Are enforcement agents (bailiffs) legal in the UK?.

Are enforcement agents (bailiffs) legal in the UK?.

In short, yes. CIVEA members work legally on behalf of local authorities, National Highways, Transport for London and Her Majesty’s Courts and Tribunals Service (HMCTS). They are empowered by the Tribunals, Courts and Enforcement Act 2007 and act in accordance with The Taking Control of Goods Regulations 2013.

Civil enforcement agents (sometimes known as bailiffs) are not debt collectors and are only used after councils have been unable to collect a debt themselves and have taken an individual to court. It is complex, highly specialised, and essential work that is needed to recover lost revenue for local and central government – helping to sustain vital public services while continuing to deliver the referrals, advice and support people need across the country.

Civil enforcement agents are empowered to enforce warrants of the court, liability orders or demands for non-payment by using the procedure of taking control of the debtor’s goods. They have a legal right to visit a property and to remove and sell goods to pay off a debt to government.

Why do enforcement agents (bailiffs) exist?

The work undertaken by CIVEA members is essential to funding local services such as adult social care, leisure facilities, refuse collections, and police and fire services.
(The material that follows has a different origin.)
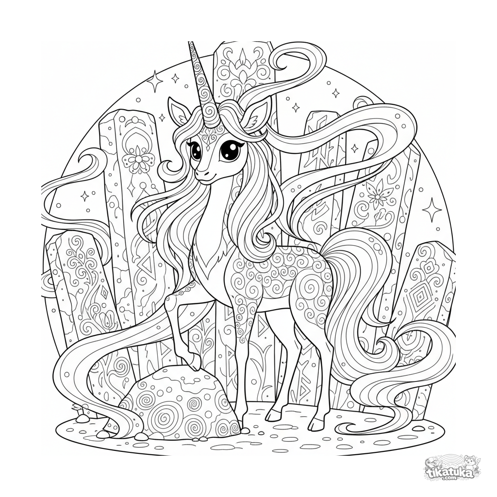 Detailliertes Ausmalbild für ältere Kinder 10-12 Jahre: Ein edler Kirin steht Wache im Zentrum eines uralten Kreises runenbedeckter Monolithen. Reichhaltiges Detail, fließende Linien.

Uncollected tax and fines means less money for these services and higher bills for law-abiding residents.

It is the aim and objective of CIVEA to ensure that Certified Enforcement Agents and the companies they represent, follow a code of practice that promotes responsible and fair engagement with members of the public. We exist to ensure strict safeguards are implemented, so the vulnerable are provided with the right protection, and payment comes from those who wilfully refuse to pay, rather than those who want to pay but cannot afford to.

Why do we need enforcement agents (bailiffs) in 2023?

As long as some people deliberately avoid all attempts by local councils to recover unpaid taxes and fines, there will always be a need for enforcement visits. We understand that the prospect of a visit from an enforcement agent can be daunting, but this is a necessary action for wilful non-payers and is a deterrent for those who refuse to pay when they are able.

To ensure fair treatment of people struggling to pay, the enforcement process is specifically designed to encourage early engagement and to help people affordably settle their debts quickly.